Trump’s proposals follow a long line of other strategies employers, carriers and pharmacy benefit managers have instituted to control the alarming rise in the cost of Rx. Absent the passage of any meaningful legislation on prescription drug reform, there are still many strategies employers can enact in an effort to tame the cost burden of prescription drugs on their benefit plans. While the options open to employers vary based on the size of the company, in general these include:

  • Close examination of contract terms, asking plenty of questions and insisting on regular reporting. Elimination of unfavorable policies which typically can be found in rebates, spread pricing and clawbacks policies, just to name of few.
  • Redesign of prescription plans in a way that makes it more attractive for employees to choose the lease expensive products.
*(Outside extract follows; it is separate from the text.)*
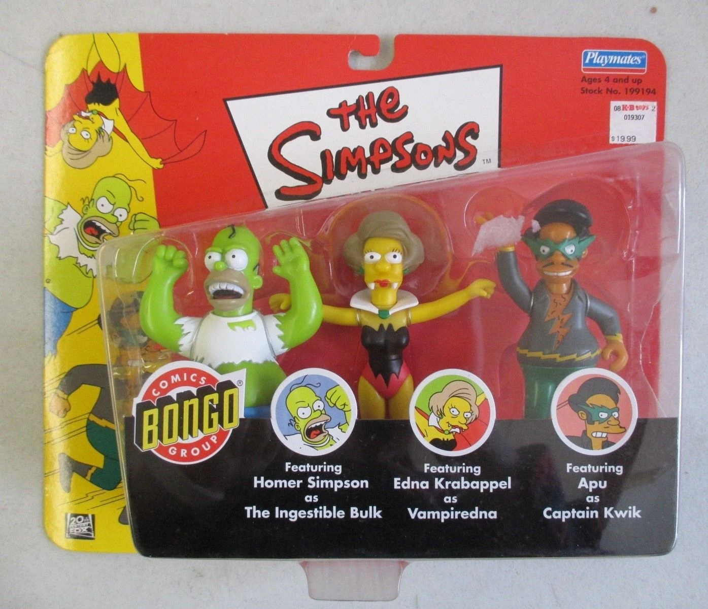 Again, technically not considered part of the World of Springfield line (although there is debate about that among collectors), Playmates Toys released a series of figures exclusive to Kay Bee Toys based on the "When Bongos Collide" story line from Bongo Comics in August 2002. It featured Simpsons characters transformed into superheroes. The initial three-pack of figures included Homer Simpson as the Ingestible Bulk, Apu Nahasapeemapetilon as Captain Kwik, and Edna Krabappel as Vampiredna. Two more three-packs were planned (featuring Marge as the Entangler, Lisa as the Jazzler, Maggie as BrainBaby, Grampa as Oldblood member Coma, Skinner as The Stickler and Willie as the Plaid Piper), but the line was cancelled as soon as it hit retail.

For example, increasing co-payments or co-insurance amounts based on various factors such as the drug’s proven effectiveness and the nature of the condition being treated.
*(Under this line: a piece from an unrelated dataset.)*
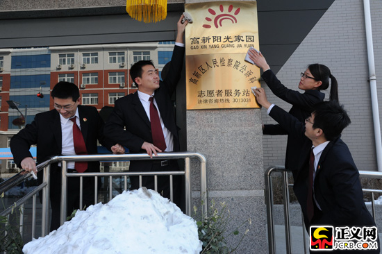 山东省潍坊高新技术产业开发区检察院去年联合该区社会事务管理局、司法局创办集涉罪未成年人帮教、考察和社区矫正于一体的综合帮教基地——“阳光家园”,为纳入帮教的涉罪未成年人量身定制帮教方案,并选拔业务熟练、善于表达、沟通能力强的年轻检察官任帮教指导员,跟踪考察帮教对象的矫正、悔罪、改造情况,最大限度地挽救涉罪未成年人。图为春节刚过,该院检察官们将“阳光家园”牌子擦得干干净净。正义网通讯员王淑华 记者卢金增摄

  • Managing care as it relates to the quantity of drugs being initially dispensed (e.g. a 30 vs. 90-day supply). A person’s inability to tolerate a specific medication is a real concern and could be a significant source of waste if the medication needs to be discontinued.
  • Reviewing plan data frequently and check for outliers, which could include drugs with dramatic price increases. Don’t hesitate to move alternative drugs to preferred status to encourage their use instead of the higher-cost drug.
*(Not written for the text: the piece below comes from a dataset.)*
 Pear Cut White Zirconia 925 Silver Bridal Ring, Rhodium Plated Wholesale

  • Eliminating co-pays for specialty drugs and instead substituting co-insurance (which requires workers to pay a percentage of the prescription cost rather than a flat dollar co-payment).
  • Implementing disease management programs to steer people to the least setting for administering specialty drugs. (Some providers prefer to administer medication in a hospital setting but a physician’s office or retail clinic might be just as safe and effective, while also being much less expensive.
  • For smaller employers, joining a regional health care purchasing coalition which could allow for a carve out of pharmacy for closer management.
  • Separating prescription programs from the overall health plan to enable PBMs and employee benefits consultants to closely monitor and manage expenses.
  • Carving out even further specialty drug programs so that they can be handled under the more experience eyes of specialty pharmacies, specialized PBMs and other vendors.
  • Requiring prior authorization and step therapy, meaning policyholders must try less expensive drugs that are included in the formulary prior to trying the more expensive specialty drugs.

Final Thoughts

Experts who study drug pricing are encouraged (as are we) that the discussion has moved from angry protests to more sophisticated proposals. Detractors of the plan predict that it will achieve very little, primarily because it doesn’t ask Medicare to directly negotiate drug prices. Supporters of the plan believe that if it’s enacted, it will represent a “sea change in pharmaceutical pricing policy, one that will have a significant effect on drug prices in the future.”

Employers, consumers and insurance providers will all benefit if Congress and the President can work together to implement these sweeping reforms.